The PM admitted "capacity currently exceeds demand" but said ministers are "working on that".
"A fantastic testing regime is going to be absolutely critical to our long-term economic recovery," he added.
The PM also confirmed he was to make a statement on Sunday, to set out his lockdown exit strategy, and said there could be some changes on Monday.
On Tuesday House Speaker Sir Lindsay Hoyle criticised the government for making the announcement on Sunday, saying "major government announcements should be made first in the House".
The PM said the announcement was being made on Sunday because "it will be a good thing" for people to be informed of what changes might be made, before they are imposed.
Sir Keir welcomed the exit strategy, something he has been calling for, for weeks.
The pair, and Westminster opposition leaders, will meet with Boris Johnson on Thursday to discuss the coronavirus response.
The Labour leader will raise the need for a “national consensus” on easing the lockdown based around keeping the public safe, a “mass expansion” of contact tracing and protecting key workers, his spokesman said.

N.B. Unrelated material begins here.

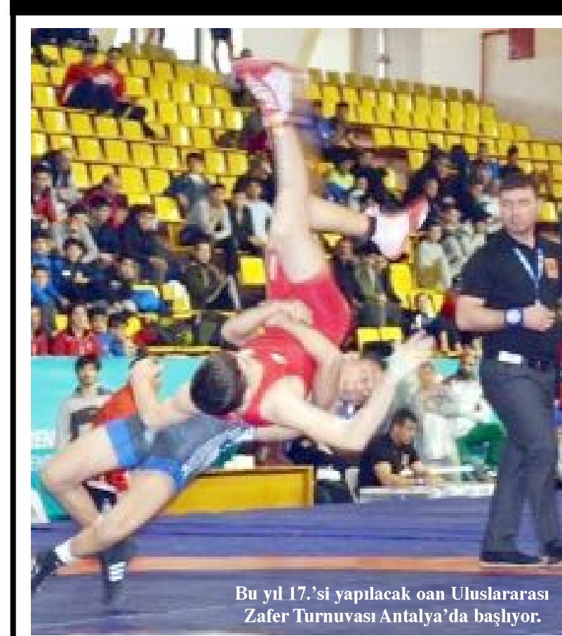
Bu yıl 17.'si yapılacak olan Uluslararası Zafer Turnuvası Antalya'da başlıyor.

Türkiye Güreş Federasyonu tarafından organize edilen 17. Uluslararası Yıldızlar ve Gençler Zafer ve Şampiyonlar Turnuvası bugün Antalya'da başlıyor. Şampiyonada Çorum'dan 10 güreşçi farklı kategorilerde Türkiye adına madalya mücadelesi verecek.

At PMQs he also asked the prime minister about the "ongoing problems" with PPE and said "it is obvious that this problem is going to get even more acute if and when the Government ask people to return to work”.
The PM said problems in securing personal protective equipment were “enraging” but there was now a “massive plan to ramp up domestic supply”.
Mr Johnson was back in the Commons chamber for his first PMQs since catching coronavirus and later becoming a father to a newborn son.
Labour leader Sir Keir Starmer told the PM it was “good to see him back in Parliament” and congratulated him and his fiancee Carrie Symonds on the birth of their son Wilfred.
Mr Johnson has not taken questions in the Commons since March 25 before Parliament broke early for Easter as MPs struggled to keep their distance in the Palace of Westminster.
He returned to Downing Street last week after recovering from Covid-19, but Foreign Secretary Dominic Raab deputised for him in PMQs as Mr Johnson welcomed the birth of his new son.